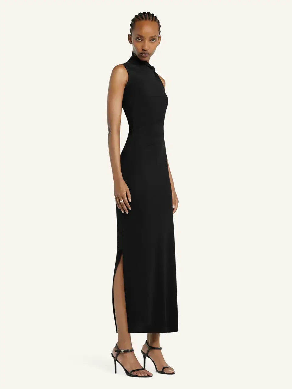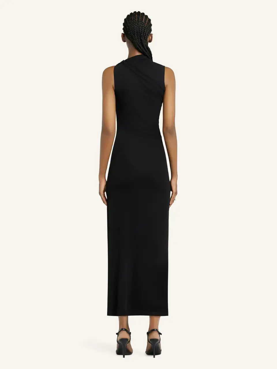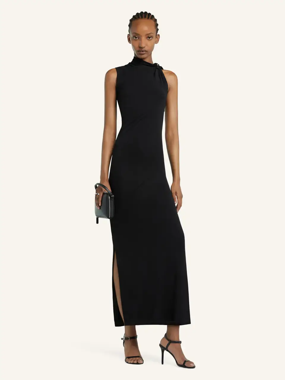 Sleeveless long dress with draped shoulder and silver AC logo. Side slit.
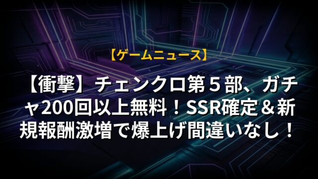【衝撃】チェンクロ第5部、ガチャ200回以上無料!SSR確定&新規報酬激増で爆上げ間違いなし!
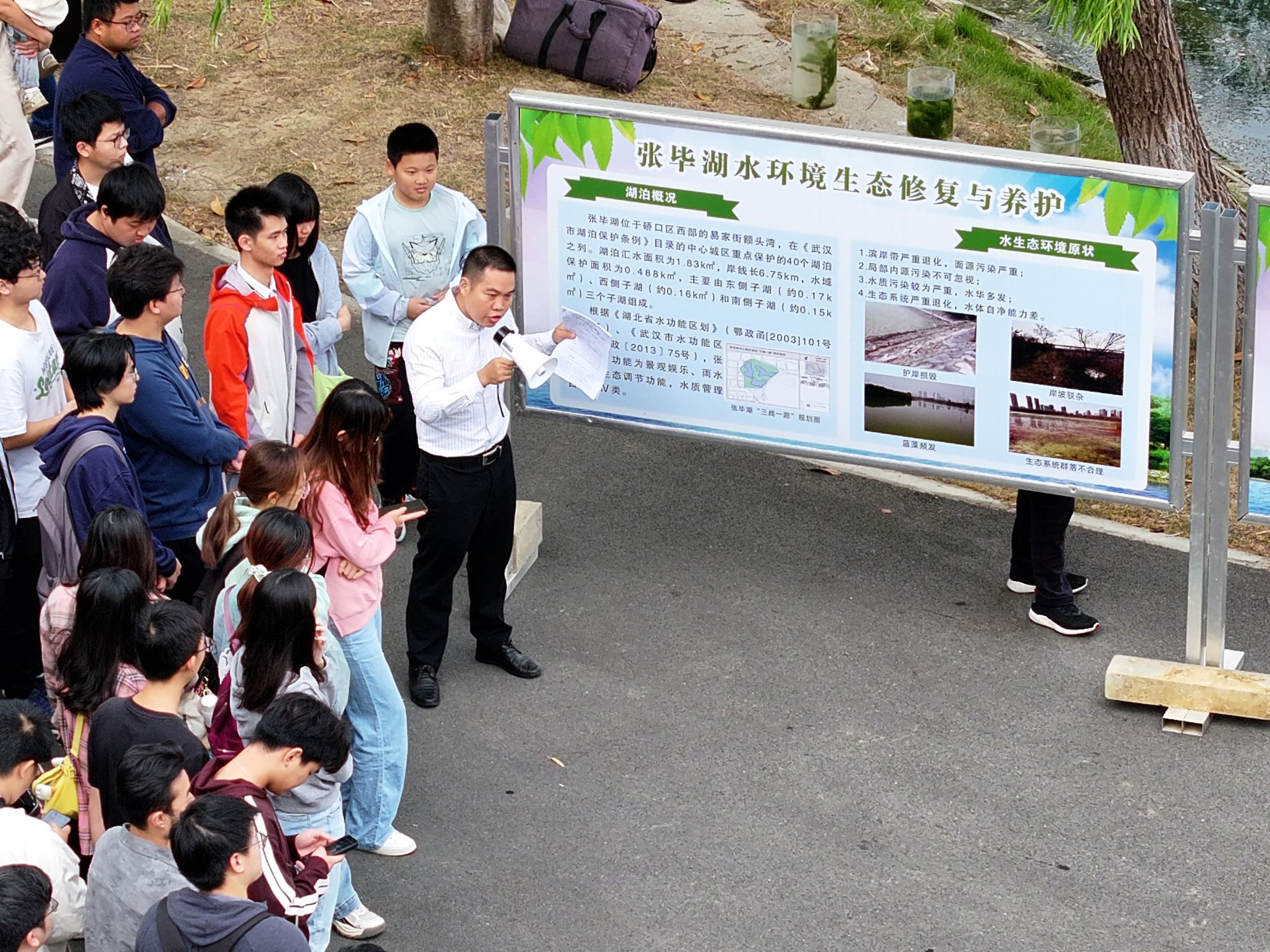 张毕湖公园作为武汉城市湖泊治理的成功案例之一,为水生态学课外实践开展提供了最佳条件。学院主管本科生教学工作的副院长严鹏教授赴现场指导教学工作。现场,硚口区湖泊管理所所长李晖为学生们详细介绍了张毕湖的治理历程、存在问题、解决措施、治理成效及未来管理规划等;湖北省水科院苗滕、张艺老师协助学生们开展湖泊水质采样与检测、底泥采样与分析、水生动物采样与分析等一系列实验。这些实践活动使学生们直接了解到城市水生态治理中的各种技术和管理手段,更好理解水生态治理的复杂性和挑战性。
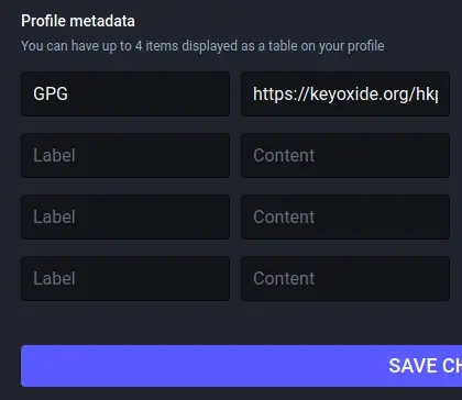 On the Edit profile page, scroll down to the Profile Metadata section. The Label field is arbitrary, so you can use terms like Verification or PGP or whatever you feel is appropriate.

★ ★ ★ ★

§ **The task**: Reproduce the lines of the data that run from the one containing "张毕湖公园作为武汉城市湖泊治" to the final line, both included, exactly as they appear and without the pictures.

§ **Response**:
 张毕湖公园作为武汉城市湖泊治理的成功案例之一,为水生态学课外实践开展提供了最佳条件。学院主管本科生教学工作的副院长严鹏教授赴现场指导教学工作。现场,硚口区湖泊管理所所长李晖为学生们详细介绍了张毕湖的治理历程、存在问题、解决措施、治理成效及未来管理规划等;湖北省水科院苗滕、张艺老师协助学生们开展湖泊水质采样与检测、底泥采样与分析、水生动物采样与分析等一系列实验。这些实践活动使学生们直接了解到城市水生态治理中的各种技术和管理手段,更好理解水生态治理的复杂性和挑战性。
 On the Edit profile page, scroll down to the Profile Metadata section. The Label field is arbitrary, so you can use terms like Verification or PGP or whatever you feel is appropriate.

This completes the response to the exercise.